Ничего мы не говорили княжне, но, наверно, она догадывалась: была очень печальна и сдержанна. Мы были растерянны и ничего не говорили друг другу, но каждый считал невозможным делом сжечь виноградник. Каждый про себя подумывал, как бы все-таки увильнуть самому от такой беды. Но что было делать? Каждому про себя, конечно, можно было решать все, как хочется. Я даже помню, что слышал явственно тихий стук в завешенную дверь, и был уверен, что стук был мне, только мне. Так, может быть, и даже наверно, каждый из нас думал, если только стук действительно был: каждый думал, что женщина настоящего стучится именно к нему.
Но утром ко всем нам пришла та женщина будущего, для торжества которой каждый из нас должен был отказаться от своего настоящего. Не глядя друг на друга, мы подписали акт и сожгли виноградник.
Горбачев, когда я вернулся с Кавказа, решил наконец-то познакомить меня с «Данилычем». В. Д. Ульрих в то время жил на даче в Майеренгофе. Мы с Горбачевым приехали на «штранд» и, направляясь берегом к даче Ульриха, вздумали покупаться в море. Горбачев, отличный пловец, очень скоро уплыл от меня на третью мель, а я никогда не плавал в море и на порядочной глубине набегающие на меня белые гребешки честно хлебал, пока вдруг не почувствовал, что больше не в силах бороться. Последнее мне мелькнуло: далекая лодка на берегу и мысль последняя о рукописи моего перевода. Дальше было так: Горбачев, увидав с третьей мели, что волны свободно меня влекут, как бревно, бросился, вытащил меня без сознания на берег. Я пришел в себя только уже на квартире Ульриха. Таинственный «Данилыч», блондин с бритыми щеками и небольшой бородкой, лысый, с хорошим черепом, был похож на доктора. Он стоял у меня в ногах, смотрел строго и, видимо, всем распоряжался. Около меня же стоял его мальчик, цветущий, весь розовый, с длинными черными ресницами, и держал в руке стакан чая с молоком, разглядывая меня поверх стакана с величайшим любопытством. Жена «Данилыча», высокая, нервная, революционерка русского типа, наливала в чай коньяк.
– Поразительно быстро, – сказал Горбачев, и это были первые слова, которые донесло мне мое ожившее сознанье, – поразительно быстро этот молодой человек от всей чистой науки обернулся в практику жизни.

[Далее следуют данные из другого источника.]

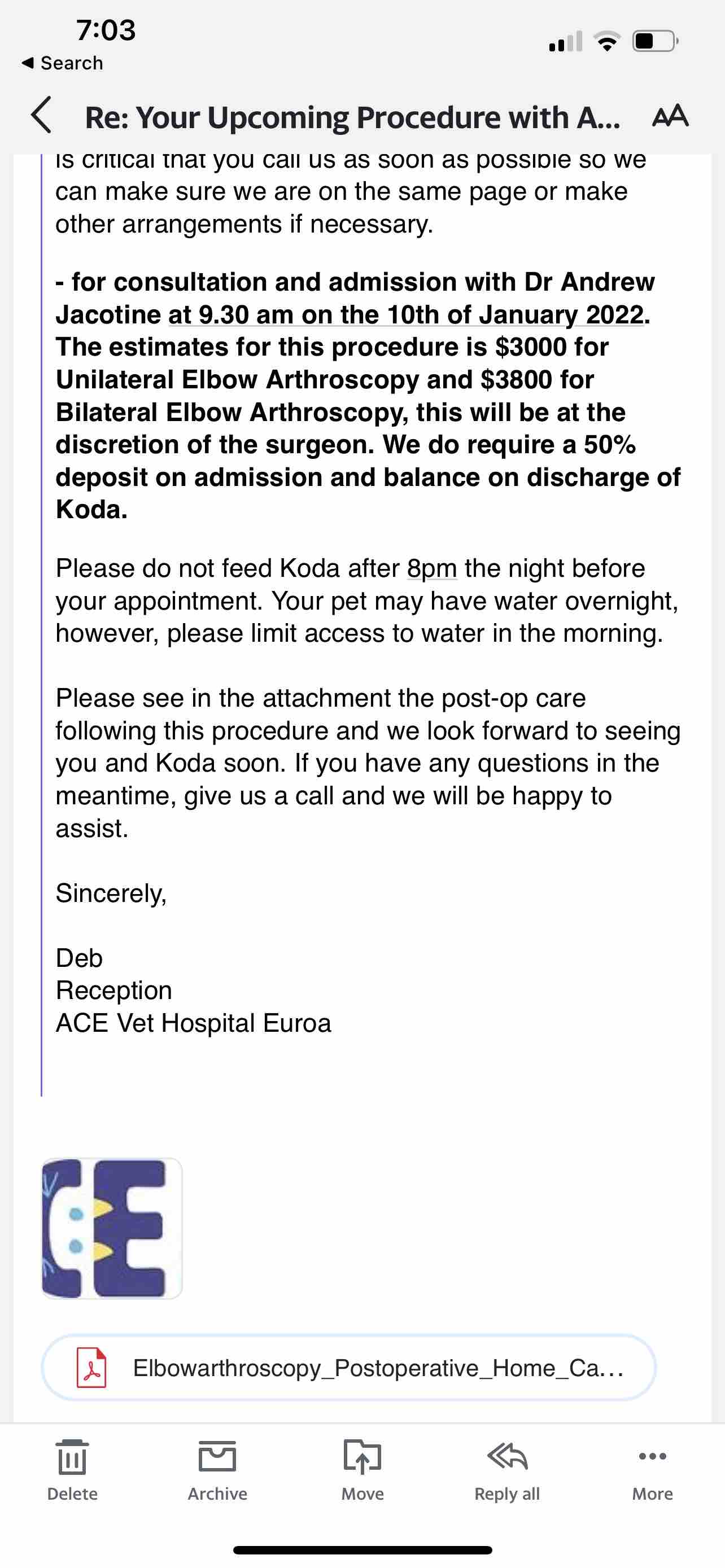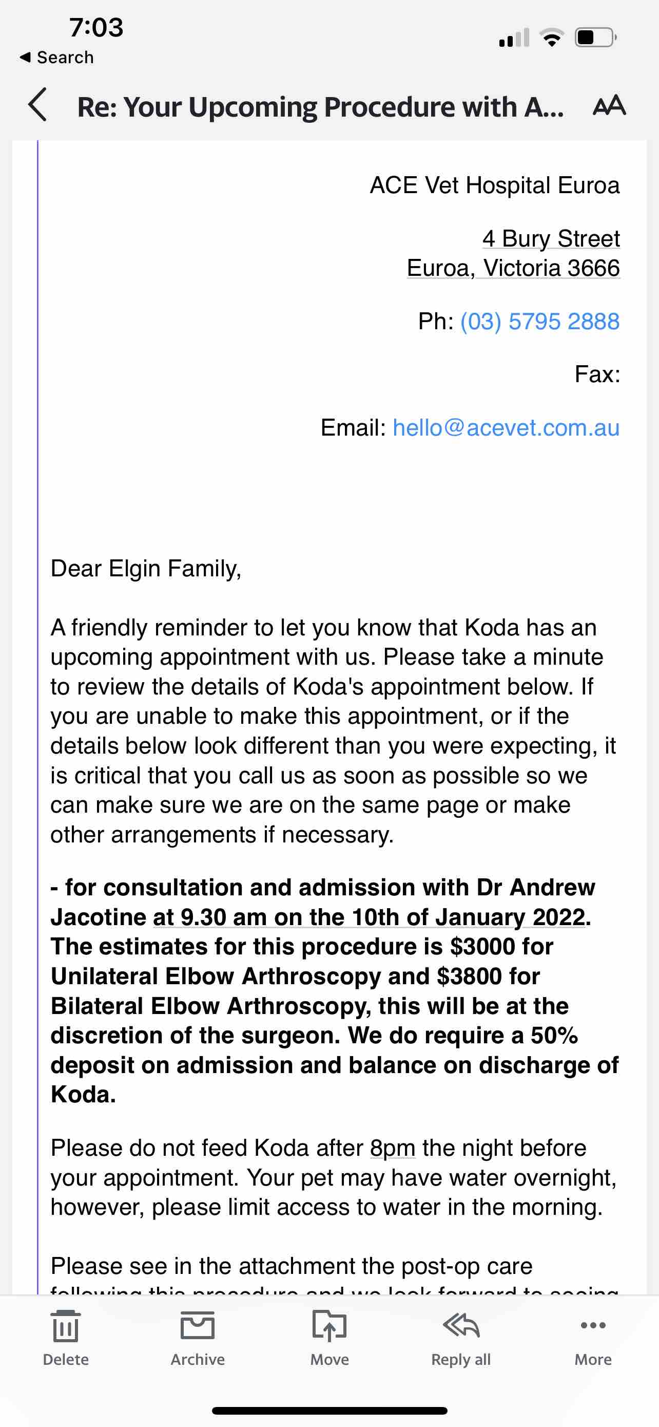 Koda’s vet bill amounts to a total of $3,800. This is my goal for this go fund me. I have attached below the email confirming the price for this required surgery, which he is booked in to have Thirsday

– Не знаю, чему вы удивляетесь, – ответил Данилыч, – практика является коррективом наших идей.
…И пошло, и пошло…
Но не очень-то долго пришлось нам вместе корректировать практикой жизни чистую науку. Вскоре начинавший тогда свою карьеру охотника за революционерами товарищ прокурора Трусевич, известный потом директор департамента полиции, захватил всех нас в свои сети. Мы сидели с полгода в Риге, потом в Митаве, потом нас расшвыряли по всей стране.
(Из рассказов охотника)
Люблю я собак! Первое – люблю, конечно, охотиться и держу их для охоты, а еще – и это, может быть, даже больше охоты: люблю поговорить с ними, посмеяться, поиграть и, как говорят, «отвести душу»… Но выставлять своих собак я не люблю. Почему? Вот об этом я и расскажу…
Однажды назначили выставку собак, и мне позвонили из охотничьего общества, что выставлять необходимо.
Ну, если так, – делать нечего! Привожу свою Нору. Небольшая собачка эта Нора, величиной с зайца, на коротких ногах, и хвостик обрублен, а уши длинней сеттеровых, и, если голову держит пониже, уши метут пыль на земле. Во время кормления надеваем колечко из старого чулка, и оно подхватывает уши и не дает им валиться в миску. Псовина у Норы сеттеровая, густая, волнистая, черная с белым, ножки в белых чулочках. На охоте у нас она годится только для уток, вытуривает их из тростников, приносит убитых, вылавливает подранков.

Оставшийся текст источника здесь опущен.